When you first pull in to this strip mall in the western suburbs of Chicago and see the covered up windows of Tong’s Tiki Hut, you might mistake the Villa Park restaurant for being closed.
Upon closer inspection you’ll find that it’s indeed open — and has been for some 30 years. (Unfortunately, its three sister locations haven’t been so lucky over time.)
In fact, the bamboo blinds obscuring the windows help to accomplish what most tiki bars aspire to do, which is create an insulated tropical environment with no distractions from the outside world.
For being a neighborhood Chinese restaurant, their dedication to the tiki theme is impressive. (They even got the music right with recordings of soothing Hawaiian steel guitar.) There’s a beach mural and lauhala matting on the walls, and a thatch overhang above the brown vinyl booths. Bamboo, shell and tapa pendant lamps are suspended from the ceiling, which is covered with fish netting and entangled plastic seagulls, lobsters and crabs.

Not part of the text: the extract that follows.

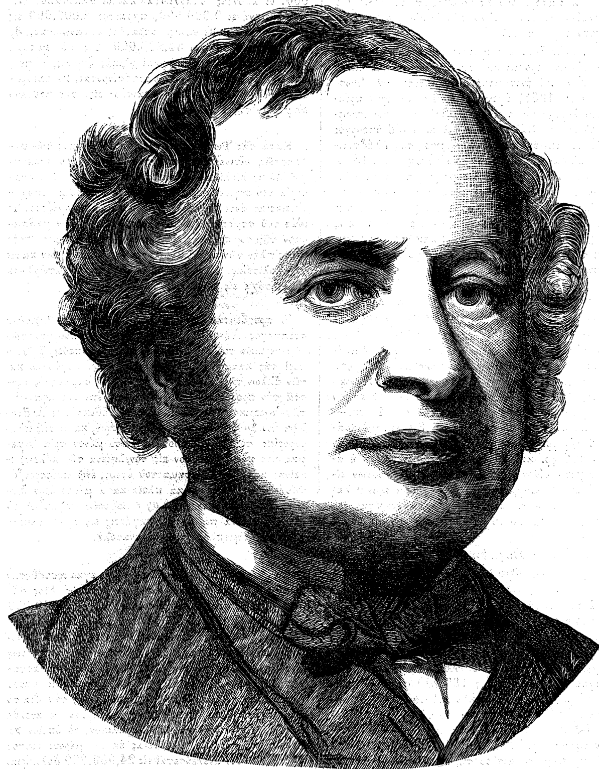
Ο ΚΟΜΗΣ ΓΡΑΝΒΙΑ

'Αγάπα τὸ σκυλάκι σου καὶ θάλθουν ἄλλοι χρόνοι, Νὰ 'θυμηθῆς τὰ λόγια μου, τὸν κόσμο σ' ἂν γνωρίσης, Σ' ἂν σοῦ 'ματώσουν τὴν καρδιά, καὶ τὴν πληγώσουν πόνοι, Αἱ φίλαις σου π' ὀλόψυχα ταῖς εἶχες ἀγαπήσεις. Κάλλιο μονάχη κόρη μου, μὲ τὸ πιστὸ σκυλάκι, Πόσοι δὲν εἶναι φίλοι μας ποῦ στάζουνε φ α ρ μ ἁ κ ι ! Ν. Γ. ΙΓΓΑΒΗΣ.

A vaguely Rarotongan looking tiki stands against the rock wall, and to its right is a leopard-print bar flanked by an odd, colorfully-painted tiki pole. Beyond that is another smaller dining room with more rattan furniture and another island mural (last picture).
I felt like we must have entered some time warp when I saw that most of their tropical drinks cost $3.95! They’re served in tiki mugs and are actually pretty decent considering the price. About a dozen tiki cocktails are offered, from classics like the Mai Tai, Scorpion and Fog Cutter to the Tiki Lover, the house special made with gin, rum, coconut cream, pineapple juice and cream. Some even had wonderful throwback descriptions like this one for the Samoan Passion: “Legend has it that this potent drinks arouses hidden passions.”
Along with spicy Hunan and Szechuan dishes, the menu features all the Chinese-American standards you’d expect to find, including syrupy egg drop soup, orange chicken, chop suey and Mongolian beef with crispy fried cellophane noodles. (And if that’s still not American enough, they also have cheeseburgers, chicken nuggets and french fries…)
Their version of the pupu platter is called a bo bo tray ($11.95), which includes two each of egg rolls, barbecue ribs, aloha fried shrimp, Polynesian beef and wontons surrounding a small cooking sterno. I, however, went for my favorite “Polynesian” appetizer, crab rangoon (6 pieces for $5.95), and it was one of the better renditions of the dish I’ve had, with lots of filling.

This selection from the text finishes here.